日本有数の都市ガス事業者がいかにして自社コンタクトセンターに NamiTech の音声 AI を導入し、日本市場における戦略的リセラーとなる道を選んだのか。

背景

東邦ガス(東邦ガス株式会社、THG ホールディングスグループの一員)は、中部地域で数百万の顧客にサービスを提供する日本有数の都市ガス事業者です。日本の事業者の例に漏れず、東邦ガスは徹底した「おもてなし」が求められる大量のコンタクトセンターを運営しています。課題は、通話ごとに発生する記録・要約・システム更新・チケット作成といった膨大な後処理が平均処理時間を押し上げ、規模を保ちながら品質を維持するオペレーターに負担をかけていたことでした。

東邦ガスは AI でコンタクトセンターを刷新することを望みましたが、それは音声認識精度・信頼性・運用品質において日本基準を満たせるパートナーに限られていました。パートナー選定のため、東邦ガスは競争評価を実施。NamiTech は国内外の大手ベンダーを含む 14 社の入札者を抑えて選ばれました。市場で最も強力な国内外の企業を相手にこの選定を勝ち取ったことは、NamiTech の技術的優位性を示す最初の決定的な証となりました。

歩み:パイロットからパートナーシップへ

2024年12月 - 提携締結

東邦ガス(THG ホールディングスグループ)は NamiTech と契約を締結し、グループの日本国内業務向け AI プラットフォームとして Nami Intelligence を採用しました。

2025年1月 - 本番稼働

Nami Intelligence が稼働を開始し、東邦ガスの日常業務に AI 音声分析とリアルタイムの運用インサイトを導入しました。

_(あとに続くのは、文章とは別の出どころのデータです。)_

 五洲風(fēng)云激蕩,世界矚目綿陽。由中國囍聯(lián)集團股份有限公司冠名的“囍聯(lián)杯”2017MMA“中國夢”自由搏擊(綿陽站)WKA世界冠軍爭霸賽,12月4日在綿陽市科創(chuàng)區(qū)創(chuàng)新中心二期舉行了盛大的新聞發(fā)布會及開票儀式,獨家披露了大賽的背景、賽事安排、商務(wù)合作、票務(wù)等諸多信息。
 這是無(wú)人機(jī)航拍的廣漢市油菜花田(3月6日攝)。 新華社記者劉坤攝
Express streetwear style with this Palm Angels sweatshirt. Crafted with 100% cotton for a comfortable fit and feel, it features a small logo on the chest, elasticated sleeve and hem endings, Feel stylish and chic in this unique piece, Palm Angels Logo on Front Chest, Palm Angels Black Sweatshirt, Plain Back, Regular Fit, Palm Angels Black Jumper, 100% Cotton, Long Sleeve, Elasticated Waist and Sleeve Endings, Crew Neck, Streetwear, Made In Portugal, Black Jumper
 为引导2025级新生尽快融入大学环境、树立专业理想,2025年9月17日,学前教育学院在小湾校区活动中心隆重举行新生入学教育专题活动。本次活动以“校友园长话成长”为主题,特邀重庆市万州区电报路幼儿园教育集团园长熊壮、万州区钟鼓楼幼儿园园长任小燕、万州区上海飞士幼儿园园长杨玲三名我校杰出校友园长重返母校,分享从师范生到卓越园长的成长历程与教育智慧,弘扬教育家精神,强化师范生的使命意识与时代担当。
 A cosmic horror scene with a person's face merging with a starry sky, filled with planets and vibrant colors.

2025年3月 - 拡張:NamiSense CCS

初期の成果を踏まえ、東邦ガスはコンタクトセンターの AI エンジンとして NamiSense CCS の展開を決定し、社内業務から顧客対応の最前線へと提携を拡大しました。

2025年10月 - コンタクトセンター本格展開

NamiSense CCS が本番稼働し、最大 250 席(CCU)の同時オペレーターを支援。リアルタイム音声認識、エージェント支援、AI 要約が運用に投入されました。

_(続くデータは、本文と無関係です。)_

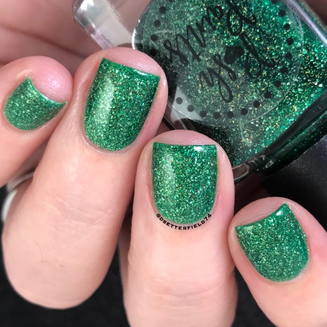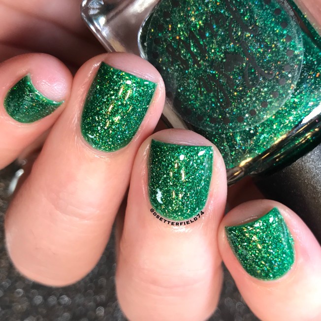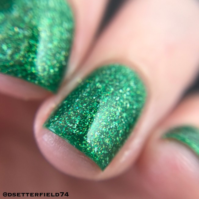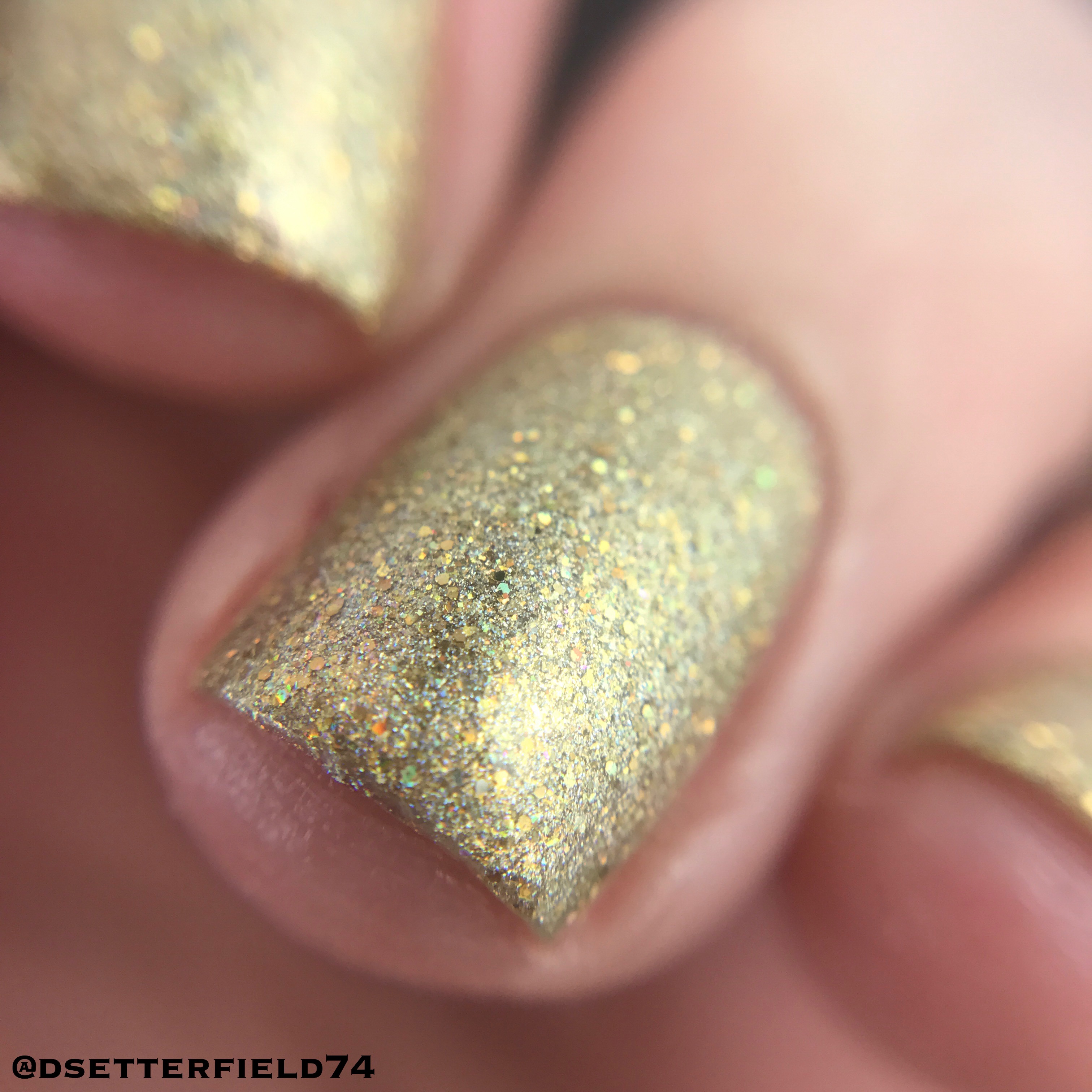 This one has a clear base full of green/blue/gold shifting flakies with color shifting glitters and holo microglitter.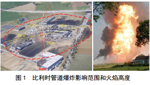 2004年7月30日上午9時,位于比利時首都布魯塞爾以南40 km處工業(yè)區(qū)的高壓輸氣管道發(fā)生爆炸。事故管道管徑1 000 mm、材質(zhì)X70、壁厚10 mm,日常輸送壓力8 MPa,發(fā)生事故時的管道壓力為7.3 MPa。爆炸后火焰最高達450 m,平均高度250 m。事故造成24人死亡(包括5名消防人員和1名警察), 132人受傷(其中重傷25人),多輛車輛被毀,摧毀了兩家工廠,方圓1 000 m范圍內(nèi)的生態(tài)環(huán)境受到不同程度的影響(圖 1)。

2026年から - 東邦ガスグループが NamiTech の日本ディストリビューターに

東邦ガスグループは、ガス・公益事業分野に注力する、日本における NamiTech の戦略的販売パートナーとなります。これは、企業顧客から戦略的パートナー、そしてディストリビューターへという稀有な進化を示しています。

ソリューション:NamiSense CCS

NamiSense CCS は、4 つの機能で構成される NamiTech のコンタクトセンタースイートです。

  • リアルタイム音声認識。日本語の会話を高精度(騒音・複数話者環境で 95% 超、実際のコールセンター音声で WER 5% 未満)でライブ文字起こし。
  • エージェント支援。通話中にガイド付きの応答候補を提示し、会話の流れを妨げずに複雑な状況へ一貫して対応できるよう支援。
  • AI 要約。通話終了と同時に要約・要点・フォローアップ項目を自動生成し、手作業の後処理の大半を排除。コピー&ペースト作業に伴う運用ミスも低減。
  • スーパーバイザー支援。対応が必要な通話をリアルタイムに通知し、状況を即座に共有。オペレーターが必要とするまさにその瞬間に的確な指示で介入できます。

本ソリューションは、日本語に最適化され、日本の大企業が求める高い品質基準を満たすよう設計された NamiTech の多言語音声認識エンジンに基づいています。

成果

導入後、東邦ガスはコンタクトセンターの効率に明確な改善を記録しました。

  • 平均処理時間(AHT)を約 12% 短縮
  • 後処理時間(ACW)を約 88% 削減 - 自動通話記録と AI 要約による
  • 最大 250 席の同時オペレーターを支援
  • リアルタイム音声認識 + AI 要約を本番運用
  • 国内外の主要ベンダーを含む 14 社の入札者を抑えて選定
  • 手作業の負荷を軽減し、オペレーターが顧客体験に集中できる環境を実現
  • エンドカスタマーの待ち時間を短縮
  • 一貫性の向上と運用ミス率の低下

通話ごとの事務作業を削減することで、東邦ガスのコンタクトセンターはサービス品質を高めつつオペレーターの生産性を向上させることができました。これは AI が実運用でもたらすべき成果を体現する稀有な組み合わせです。

お客様の声

「リアルタイムの通話文字起こし、感情分析、後処理の負荷軽減といった NamiSense の先進技術は、コンタクトセンターの未来像を明確に示しています。NamiTech のソリューションは、当社の DX に欠かせない存在となりました。」

- 四谷 正 氏、東邦ガス 常務執行役員 イノベーション推進部門長 兼 東邦ガス情報システム株式会社 代表取締役社長

このパートナーシップが意味するもの

東邦ガスとの関係は、単一のコンタクトセンター導入にとどまりません。それは NamiTech の技術と運用品質に対する最も強力な外部からの裏付けです。NamiTech は単に契約を獲得したのではなく、品質を重んじ不安定さを許さない市場で、国内外の大手ベンダーを含む 14 社の入札者を抑えて選ばれました。日本のティア 1 公益事業者の本番環境でその基準をクリアしたことは、NamiTech がアジア全域へ展開するための信用となっています。

東邦ガスの親会社が 2026 年から NamiTech に投資し、日本の戦略的リセラーとなることを選んだ事実は、顧客から戦略的投資家、そしてチャネルパートナーへという信頼の最も明確な表れです。これは NamiTech の「日本ファースト」APAC 戦略の基盤でもあります。まず日本で信頼を築き、その後マレーシア、インドネシア、そしてより広い地域へと拡大していきます。

東邦ガスについて

東邦ガス株式会社は名古屋に本社を置く日本の主要な都市ガス事業者で、中部地域の家庭・商業・産業の顧客にサービスを提供しています。親会社の東邦ガスグループは NamiTech の戦略的投資家でもあります。